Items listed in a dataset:
++++++++++

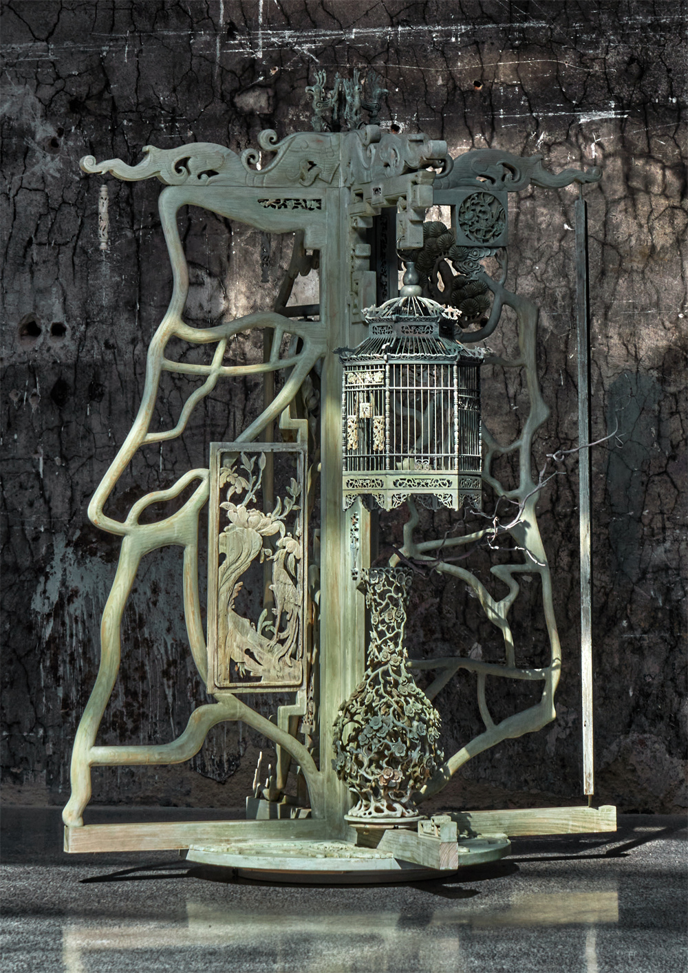《游园惊梦Wandering in the Garden,waking from a Dream》2023,木雕,120X120X170》
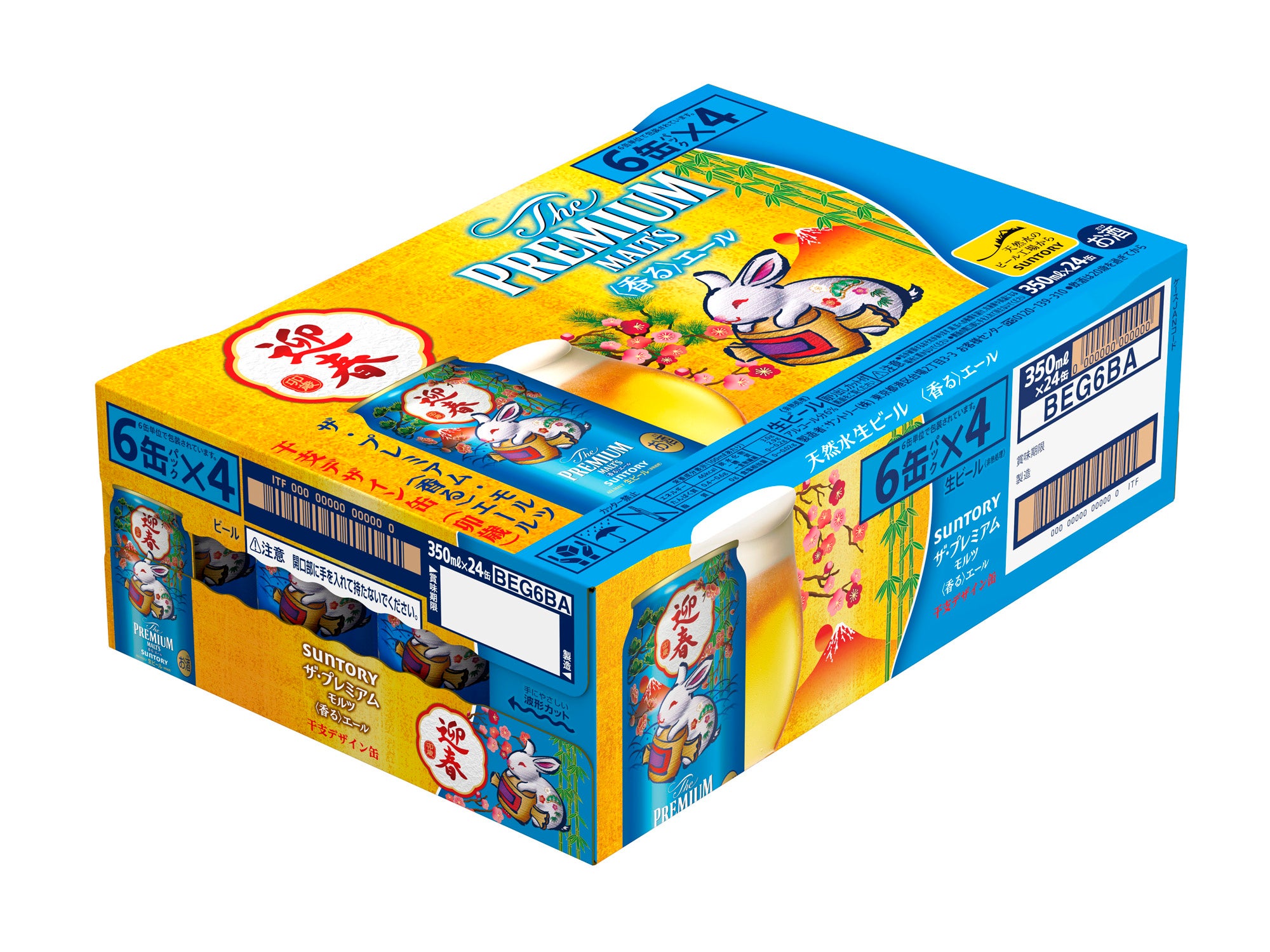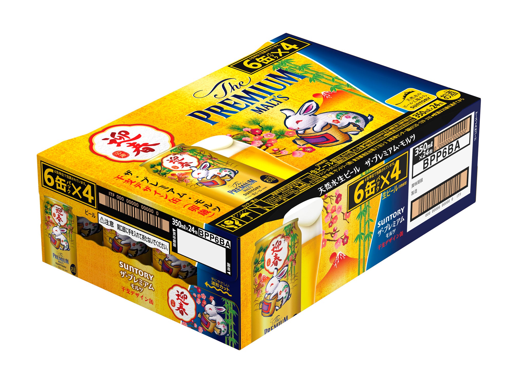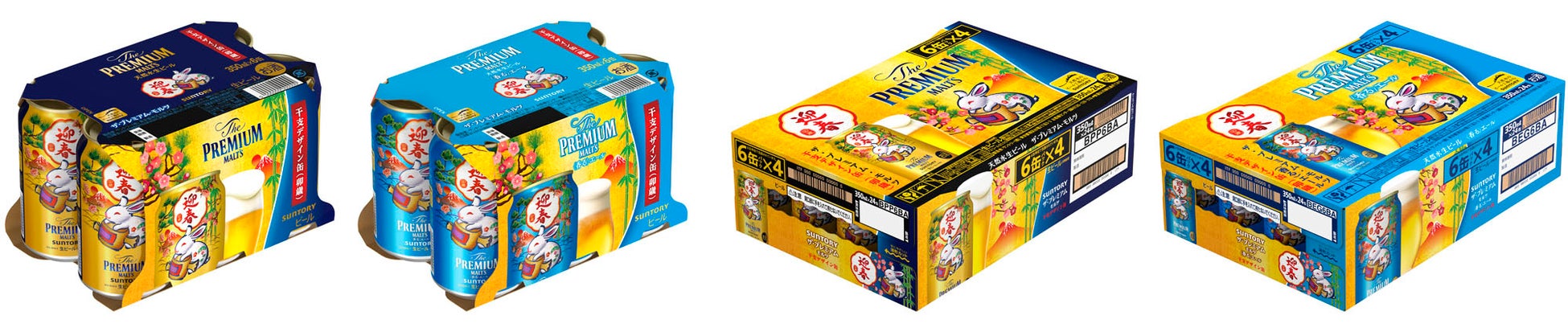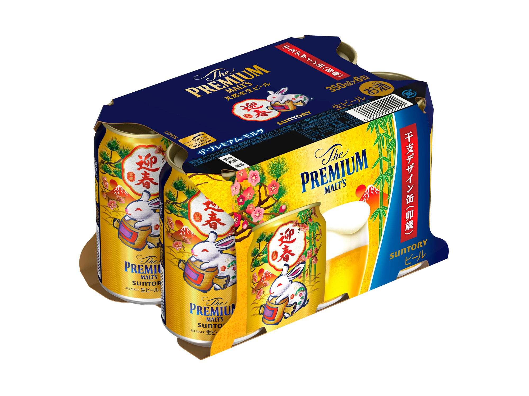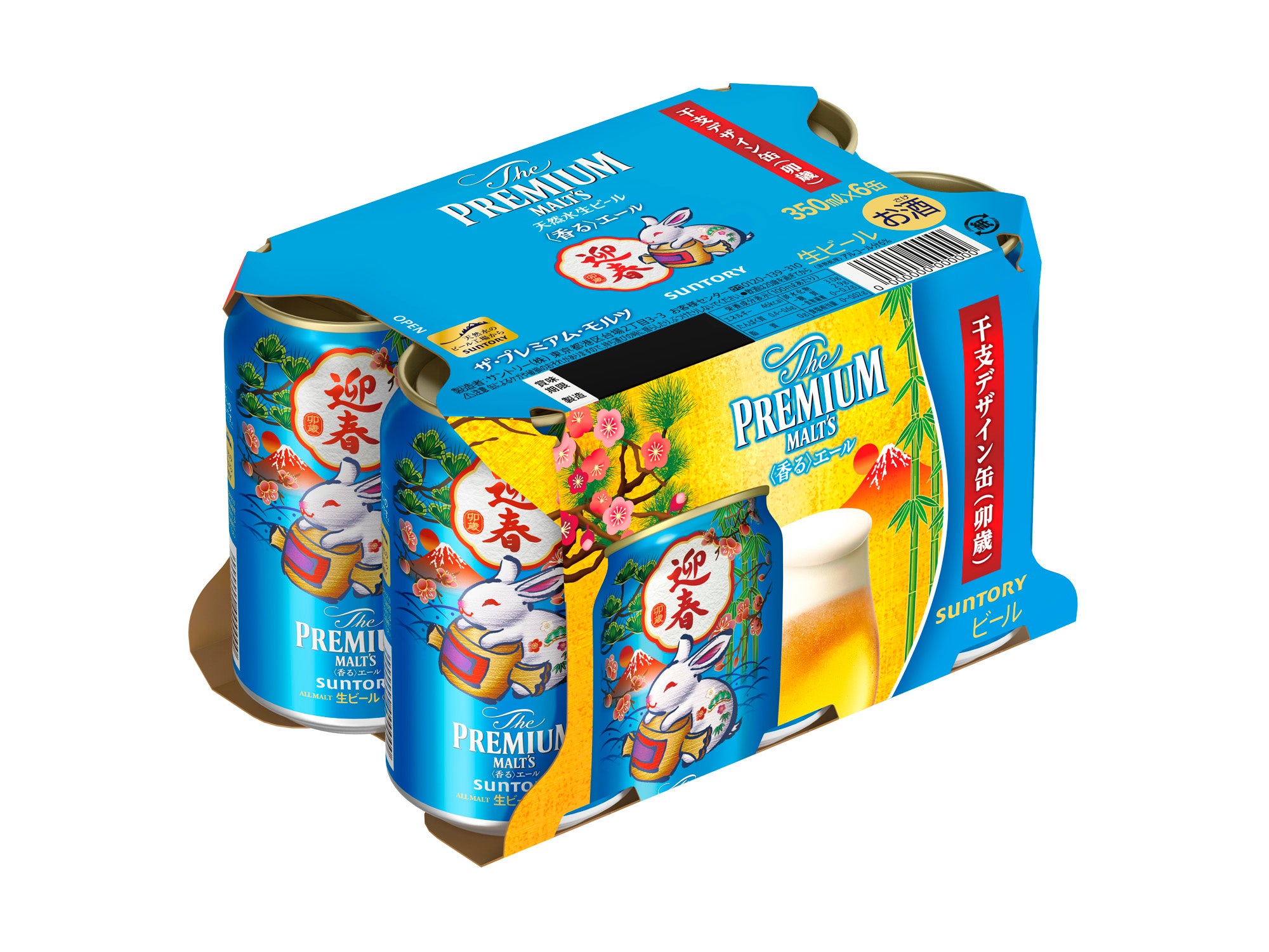 2023年の干支「卯」に加え、松竹梅や富士山といった縁起の良いモチーフをあしらった特別なデザインです。6缶パックやケースも、新しい年の始まりを華やかに彩る鮮やかなパッケージに仕上げました。また「ザ・プレミアム・モルツ〈干支デザイン缶(卯歳)〉」入りのウインターギフトセット(https://www.suntory.co.jp/news/article/14231.html参照)もご用意しました。お歳暮だけでなく、新年のご挨拶にもふさわしい商品です。
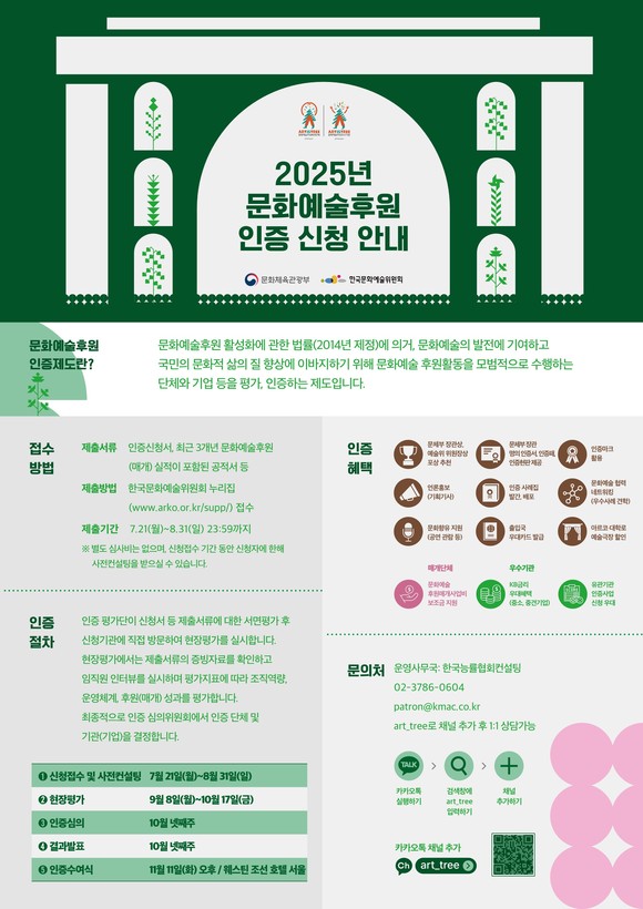 문화체육관광부(장관 유인촌, 이하 문체부)와 한국문화예술위원회(위원장 정병국, 이하 아르코(ARKO))는 모범적인 문화예술후원 활동을 펼친 비영리법인과 기업(기관)을 대상으로 ‘문화예술후원매개단체’ 및 ‘문화예술후원우수기관’ 인증 신청 접수를 시작한다. 신청은 오는 8월 31일까지, 아르코 누리집에서 가능하다.
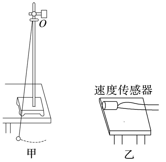 (2)在图甲所示装置的基础上再增加一个速度传感器,如图乙所示,将摆球拉开一小角度使其做简谐运动,速度传感器记录了摆球振动过程中速度随时间变化的关系,如图丙所示的v-t图线.由图丙可知,该单摆的周期T= s;
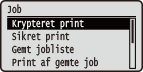 ( ) på kontrolpanelet, vises menuen Job. Du kan angive indstillingerne, der er beskrevet nedenfor, hvis maskinen er offline. |
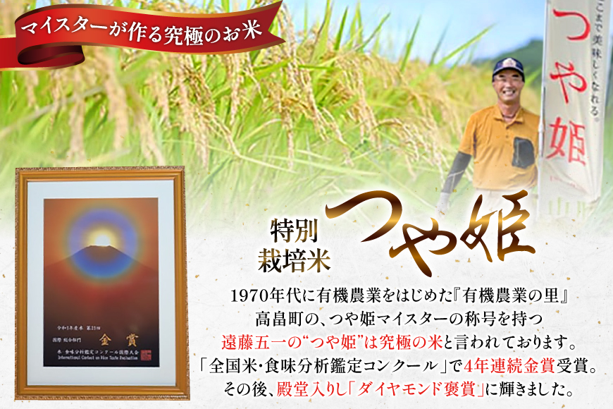 その高畠町で、つや姫マイスターの称号を持つ遠藤五一の“つや姫”は究極の米と言われております。
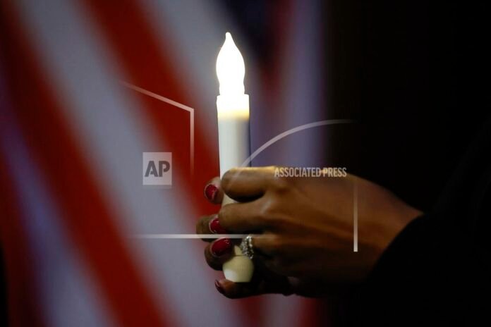 A mourner holds a candle before a memorial service for Dexter Scott King on Saturday, Feb. 10, 2024, in Atlanta. King died on Jan. 22, after battling prostate cancer. (AP Photo/Alex Slitz)
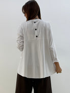 Maglia con spacchetto centrale davanti, più lunga dietro. Applicazione di bottoncini dietro.
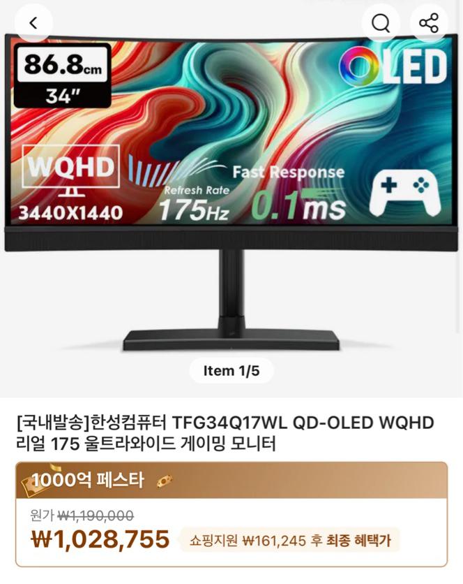 [알리] 한성컴퓨터 34인치 OLED 175Hz 모니터 TFG34Q17WL 출시특가
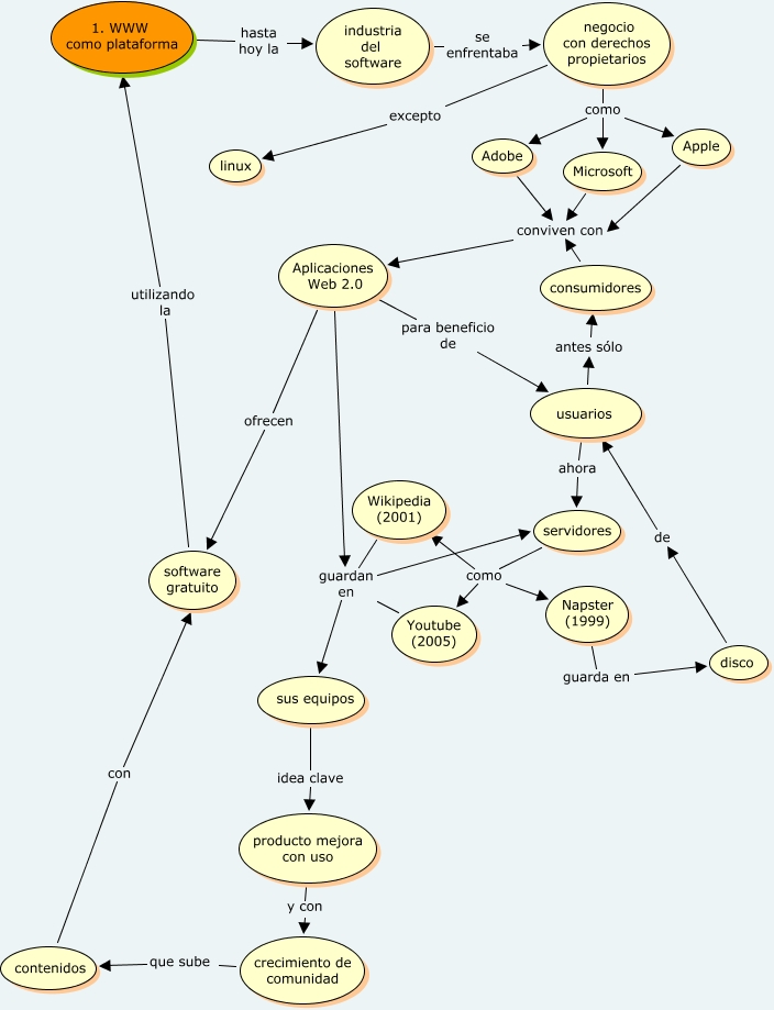 Este Cmap, tiene información relacionada con: Principio 1 -María José, servidores como Napster (1999), negocio con derechos propietarios como Apple, Aplicaciones Web 2.0 para beneficio de usuarios, disco de usuarios, servidores como Youtube (2005), Wikipedia (2001) guardan en servidores, Adobe conviven con Aplicaciones Web 2.0, Aplicaciones Web 2.0 guardan en sus equipos, 1. WWW como plataforma hasta hoy la industria del software, Aplicaciones Web 2.0 guardan en servidores, negocio con derechos propietarios excepto linux, Youtube (2005) guardan en sus equipos, negocio con derechos propietarios como Adobe, Aplicaciones Web 2.0 ofrecen software gratuito, servidores como Wikipedia (2001), usuarios ahora servidores, sus equipos idea clave producto mejora con uso, consumidores conviven con Aplicaciones Web 2.0, contenidos con software gratuito, Youtube (2005) guardan en servidores

++++++++++

_Task prompt:_ Copy every record above exactly as written, but leave out the pictures.

_Answer box:_
《游园惊梦Wandering in the Garden,waking from a Dream》2023,木雕,120X120X170》
 2023年の干支「卯」に加え、松竹梅や富士山といった縁起の良いモチーフをあしらった特別なデザインです。6缶パックやケースも、新しい年の始まりを華やかに彩る鮮やかなパッケージに仕上げました。また「ザ・プレミアム・モルツ〈干支デザイン缶(卯歳)〉」入りのウインターギフトセット(https://www.suntory.co.jp/news/article/14231.html参照)もご用意しました。お歳暮だけでなく、新年のご挨拶にもふさわしい商品です。
 문화체육관광부(장관 유인촌, 이하 문체부)와 한국문화예술위원회(위원장 정병국, 이하 아르코(ARKO))는 모범적인 문화예술후원 활동을 펼친 비영리법인과 기업(기관)을 대상으로 ‘문화예술후원매개단체’ 및 ‘문화예술후원우수기관’ 인증 신청 접수를 시작한다. 신청은 오는 8월 31일까지, 아르코 누리집에서 가능하다.
 (2)在图甲所示装置的基础上再增加一个速度传感器,如图乙所示,将摆球拉开一小角度使其做简谐运动,速度传感器记录了摆球振动过程中速度随时间变化的关系,如图丙所示的v-t图线.由图丙可知,该单摆的周期T= s;
 ( ) på kontrolpanelet, vises menuen Job. Du kan angive indstillingerne, der er beskrevet nedenfor, hvis maskinen er offline. |
 その高畠町で、つや姫マイスターの称号を持つ遠藤五一の“つや姫”は究極の米と言われております。
 A mourner holds a candle before a memorial service for Dexter Scott King on Saturday, Feb. 10, 2024, in Atlanta. King died on Jan. 22, after battling prostate cancer. (AP Photo/Alex Slitz)
 Maglia con spacchetto centrale davanti, più lunga dietro. Applicazione di bottoncini dietro.
 [알리] 한성컴퓨터 34인치 OLED 175Hz 모니터 TFG34Q17WL 출시특가
 Este Cmap, tiene información relacionada con: Principio 1 -María José, servidores como Napster (1999), negocio con derechos propietarios como Apple, Aplicaciones Web 2.0 para beneficio de usuarios, disco de usuarios, servidores como Youtube (2005), Wikipedia (2001) guardan en servidores, Adobe conviven con Aplicaciones Web 2.0, Aplicaciones Web 2.0 guardan en sus equipos, 1. WWW como plataforma hasta hoy la industria del software, Aplicaciones Web 2.0 guardan en servidores, negocio con derechos propietarios excepto linux, Youtube (2005) guardan en sus equipos, negocio con derechos propietarios como Adobe, Aplicaciones Web 2.0 ofrecen software gratuito, servidores como Wikipedia (2001), usuarios ahora servidores, sus equipos idea clave producto mejora con uso, consumidores conviven con Aplicaciones Web 2.0, contenidos con software gratuito, Youtube (2005) guardan en servidores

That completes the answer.